# YOUR GOAL:
Begin your copy at the line with "KODIM 0426/TB- TULANG" in the records below and end it at the line with "Каталог запасных частей", restating each line word for word; omit the pictures.

# DATA RECORDS:
*** Block opens ***

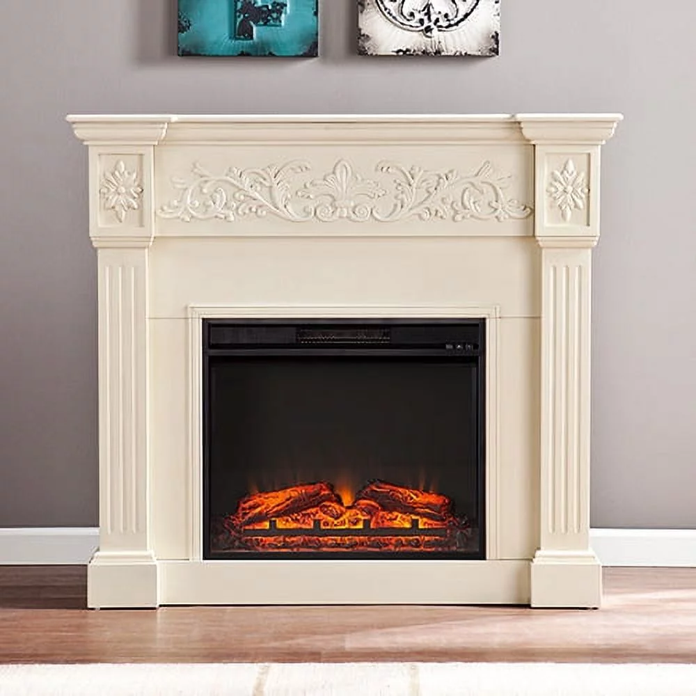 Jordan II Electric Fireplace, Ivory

*** Block closes ***
*** Block opens ***

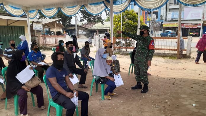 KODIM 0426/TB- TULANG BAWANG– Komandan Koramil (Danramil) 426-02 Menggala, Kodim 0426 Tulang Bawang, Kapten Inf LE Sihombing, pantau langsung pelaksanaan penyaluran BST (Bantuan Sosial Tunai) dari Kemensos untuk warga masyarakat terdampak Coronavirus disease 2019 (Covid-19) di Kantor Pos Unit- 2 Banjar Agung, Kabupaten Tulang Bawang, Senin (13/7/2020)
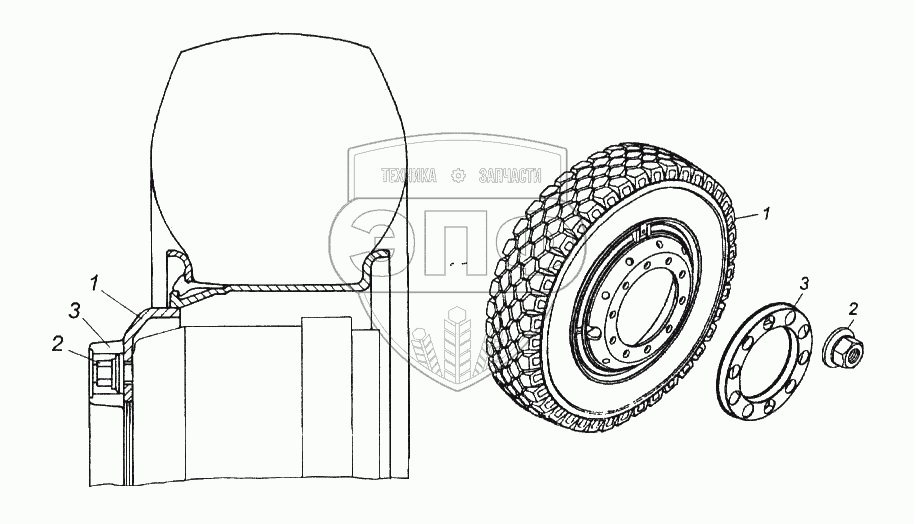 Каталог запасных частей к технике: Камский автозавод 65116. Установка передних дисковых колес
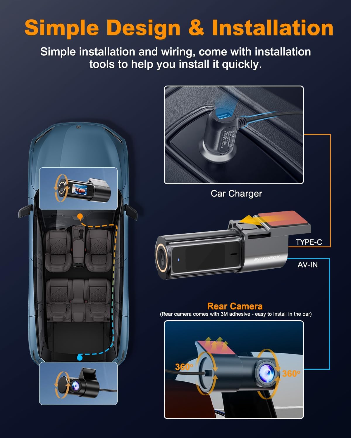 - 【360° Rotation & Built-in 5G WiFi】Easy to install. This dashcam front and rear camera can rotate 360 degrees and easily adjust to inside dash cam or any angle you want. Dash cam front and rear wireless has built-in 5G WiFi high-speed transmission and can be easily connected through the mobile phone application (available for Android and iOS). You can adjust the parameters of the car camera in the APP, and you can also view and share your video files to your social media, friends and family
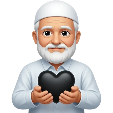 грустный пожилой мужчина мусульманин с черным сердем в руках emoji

*** Block closes ***
*** Block opens ***

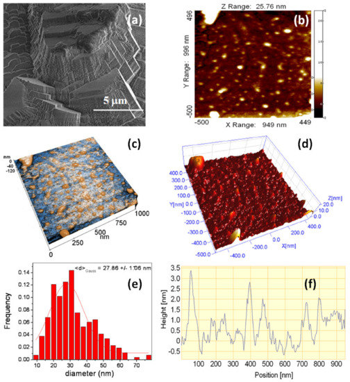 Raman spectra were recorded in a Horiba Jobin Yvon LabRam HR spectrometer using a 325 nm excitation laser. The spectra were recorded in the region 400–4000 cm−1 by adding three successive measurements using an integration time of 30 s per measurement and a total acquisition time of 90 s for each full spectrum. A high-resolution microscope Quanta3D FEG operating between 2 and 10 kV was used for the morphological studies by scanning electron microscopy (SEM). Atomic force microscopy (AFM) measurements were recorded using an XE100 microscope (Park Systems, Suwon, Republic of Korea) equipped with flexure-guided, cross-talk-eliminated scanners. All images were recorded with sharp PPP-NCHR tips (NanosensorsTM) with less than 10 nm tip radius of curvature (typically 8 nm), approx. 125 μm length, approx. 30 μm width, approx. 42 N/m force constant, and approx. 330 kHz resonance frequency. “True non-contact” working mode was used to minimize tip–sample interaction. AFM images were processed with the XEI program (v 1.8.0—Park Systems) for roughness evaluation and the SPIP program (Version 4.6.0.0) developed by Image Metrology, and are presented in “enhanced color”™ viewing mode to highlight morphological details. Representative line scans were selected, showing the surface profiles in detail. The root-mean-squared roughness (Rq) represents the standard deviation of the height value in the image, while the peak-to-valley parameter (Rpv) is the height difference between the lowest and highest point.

*** Block closes ***

# TASK SOLUTION:
 KODIM 0426/TB- TULANG BAWANG– Komandan Koramil (Danramil) 426-02 Menggala, Kodim 0426 Tulang Bawang, Kapten Inf LE Sihombing, pantau langsung pelaksanaan penyaluran BST (Bantuan Sosial Tunai) dari Kemensos untuk warga masyarakat terdampak Coronavirus disease 2019 (Covid-19) di Kantor Pos Unit- 2 Banjar Agung, Kabupaten Tulang Bawang, Senin (13/7/2020)
 Каталог запасных частей к технике: Камский автозавод 65116. Установка передних дисковых колес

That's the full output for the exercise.